Она и вошла в историю как момент начала одной из крупнейших битв Второй мировой войны.
Впервые эту точку зрения высказали германские военачальники сразу же после войны. Так, например, фельдмаршал Э. фон Клейст в 1951 г. утверждал, что «с битвой под Курском немцы опоздали на четыре недели, таково было наше мнение перед началом боёв»[245 - Христофоров В., Макаров В., Хавкин Б. Фельдмаршал фон Клейст на Лубянке//«Родина», 2010. № 6. С. 94.]. Схожую оценку высказывал и фельдмаршал Э. фон Манштейн, командующий ГА «Юг», которая в июле 1943 г. наносила удар с юга из района Белгорода по обороне Воронежского фронта. В своей книге воспоминаний, опубликованной в Германии в 1955 г., он писал, что «Цитадель» могла быть успешной, если бы она началась самое позднее в конце мая – начале июня 1943 г.[246 - Манштейн Э. Утерянные победы.
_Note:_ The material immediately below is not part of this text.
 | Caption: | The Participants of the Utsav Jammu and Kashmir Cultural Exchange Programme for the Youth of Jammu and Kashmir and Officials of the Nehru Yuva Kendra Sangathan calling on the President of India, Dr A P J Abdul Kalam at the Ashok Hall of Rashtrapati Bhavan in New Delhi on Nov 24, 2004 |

Смоленск: Русич, 2003. С. 543.] Главный аргумент – до этого времени русские оперировали дивизиями и корпусами зимнего периода с низкой боеготовностью, а пауза в июне дала Москве возможность их полностью восстановить.
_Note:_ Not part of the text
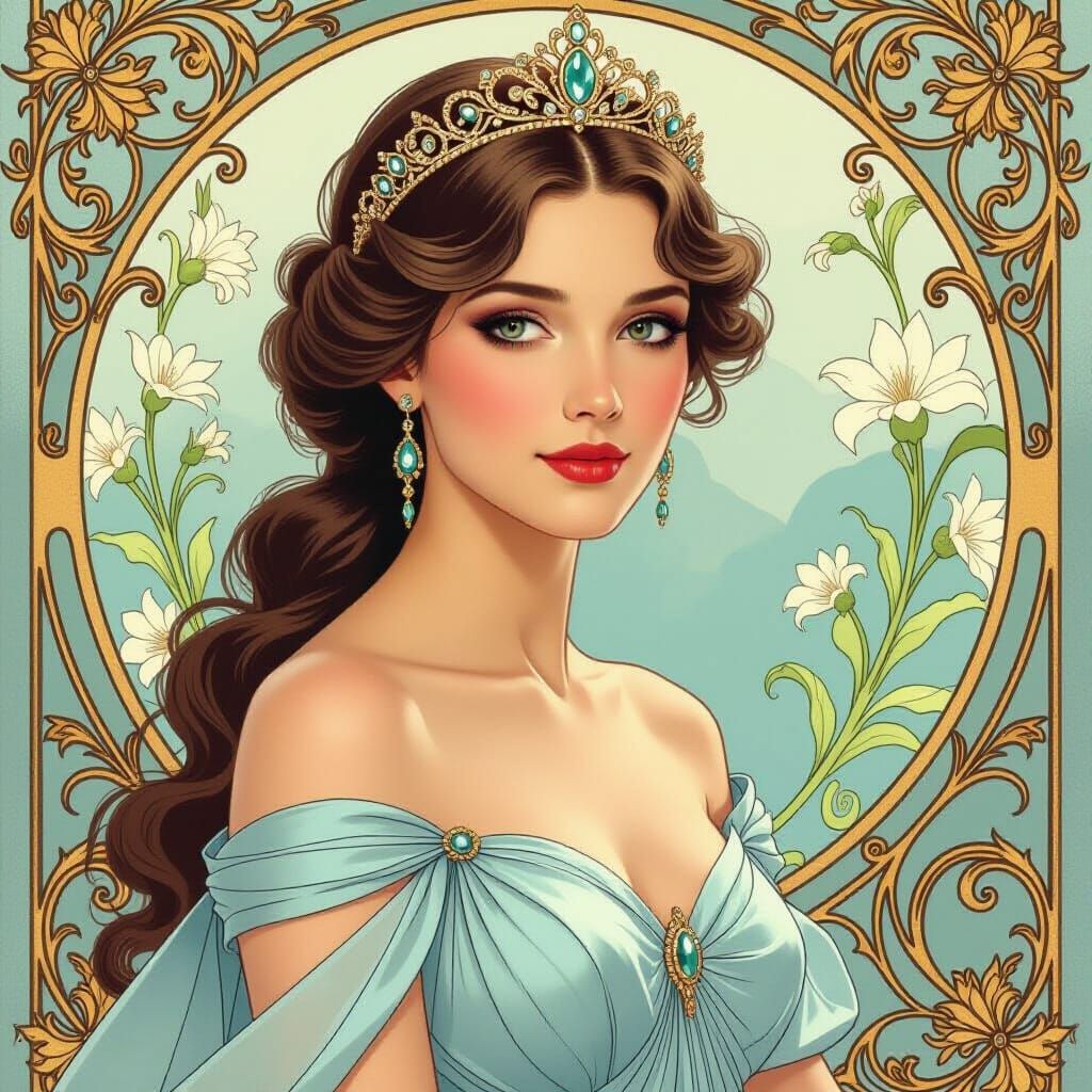 A stunning image of a woman wearing a tiara and silk dress. The artwork features flowing lines and vibrant textures in an art nouveau style.

Среди исследователей наиболее развёрнуто эту позицию на примере 9-й армии генерал-полковника В. Моделя, которая наступала на Курск с севера через полосу Центрального фронта, обосновал американский исследователь С. Ньютон в книге «Курская битва. Немецкий взгляд»[247 - Ньютон С. Курская битва. Немецкий взгляд. М.: Яуза, Эксмо, 2006. С. 463–476.]. Однако приводимые в ней цифры, в частности укомплектованности советских соединений и объединений, не всегда точны, поэтому его выводы вызывают большие сомнения. Попробуем разобраться в этом вопросе, используя недавно рассекреченные в ЦАМО РФ боевые документы Красной Армии того периода.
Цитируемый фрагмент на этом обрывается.